Les souvenirs sont relatés sur le mode de la thématique. Un même souvenir peut revenir sous des thèmes différents. Nous avons été confrontées l’éditrice et moi à ce problème. Les éditeurs chinois font rarement un travail d’édition. Nous avons ajouté, sans demander à l’auteur, à plusieurs endroits quelques mots. Par exemple : « Affinons le portrait de père. Oui, il adorait lire », ou bien : « Je me souviens, oui j’y reviens… »


Qu’est-ce que la poésie « obscure » dont Bei Dao est l’initiateur ?


Le mot chinois menglong signifie « brumeux, vague, obscur ». Employé par les critiques au début du XXe siècle pour dénigrer la nouvelle poésie apparue à cette époque sur le continent et qui faisait la part belle aux images personnelles (non codées comme dans la poésie classique) et au vers libre, il sera repris par la critique à Taiwan d’abord, contre la poésie des années 60, puis vingt ans plus tard sur le continent. Il dénote à chaque fois l’incompréhension de la critique officielle devant des textes dont elle n’a pas la grille de lecture. Comme l’explique fort bien Hsiung Ping-ming1  : « Que l’on passe d’une vision de l’universel à une vision du particulier sans changer la distance focale et l’on obtiendra un effet de flou » (« Réflexions sur un poème obscur », Europe, avril 1985). La poésie de Bei Dao jusqu’à une époque très récente est, de plus, tout en retenue, il ne se livre pas.


De quel ordre est son influence aujourd’hui ?


Il a été vivement critiqué par les poètes qui ont commencé à écrire à la fin des années 80. On lui a reproché de se sentir investi d’une mission dans la société, d’être porté par une forme d’héroïsme.

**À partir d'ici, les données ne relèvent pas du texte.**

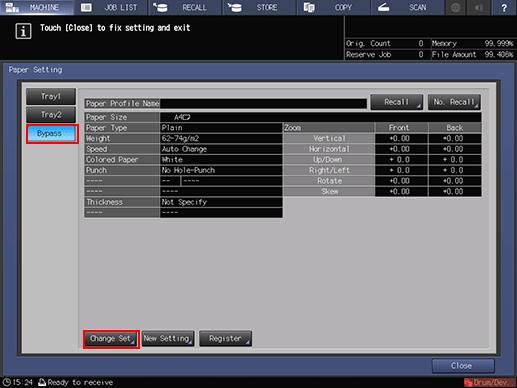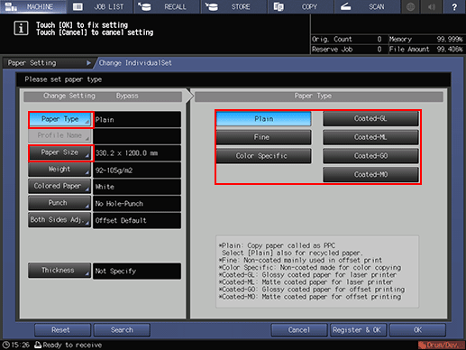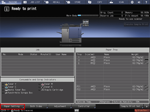 On the touch panel of the main body, press [Paper Setting] on the [MACHINE] screen.
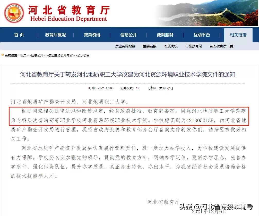 日前,从河北省教育厅了解到,河北省教育厅发布通知:根据国家相关法律法规和政策规定,经省政府批准、教育部备案,同意河北地质职工大学改建为专科层次普通高等职业学校河北资源环境职业技术学院。
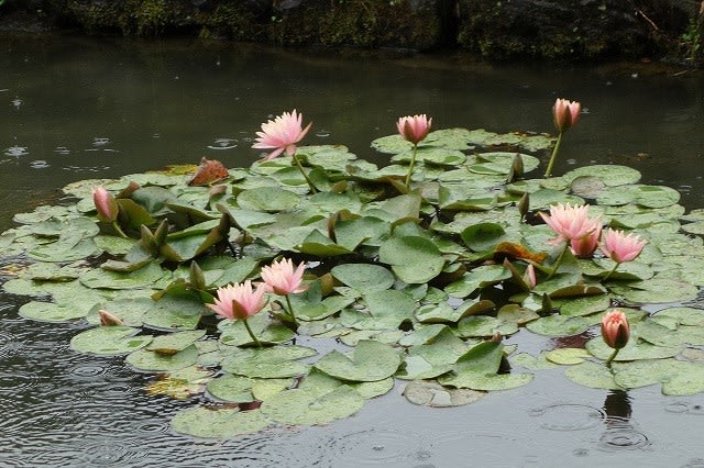 芝生広場から「枕流亭」を通り、「石梁」の手前にはスイレンが花を咲かせていました。

Ces poètes plus jeunes, nés après 1960, n’ont connu ni perte d’un idéal, ni crise spirituelle. Ils veulent se situer au niveau tout simple de la vie ordinaire et user d’une langue plus commune à la majorité des lecteurs, dépouillée de symboles et de métaphores abstraits. Mais Bei Dao reste encore un personnage pour beaucoup de lecteurs et depuis les années d’exil, sa voix s’est faite plus personnelle, au diapason de la poésie qui s’écrit de par le monde : des voix singulières. En témoigne le colloque sur sa création poétique qui s’est tenu en mai 2016, organisé par les universités normales de Beijing et de Langfang.


Y a-t-il une littérature occidentale qui l’intéresse plus qu’une autre ?


Il est curieux de tout. Ses essais, les Roses du temps, portent sur Lorca (ses premières amours en poésie), Trakl, Rilke, Celan, Tranströmer (un grand ami), Mandelstam, Pasternak, Aïgui, Dylan Thomas. Il s’était lié aussi avec Octavio Paz, Claude Roy, Guilllevic, Mahmoud Darwich, Allen Ginsberg. Sans oublier Adonis et tant d’autres poètes du monde entier. En témoigne les « Nuits poétiques internationales de Hongkong », qu’il organise chaque année depuis 2009.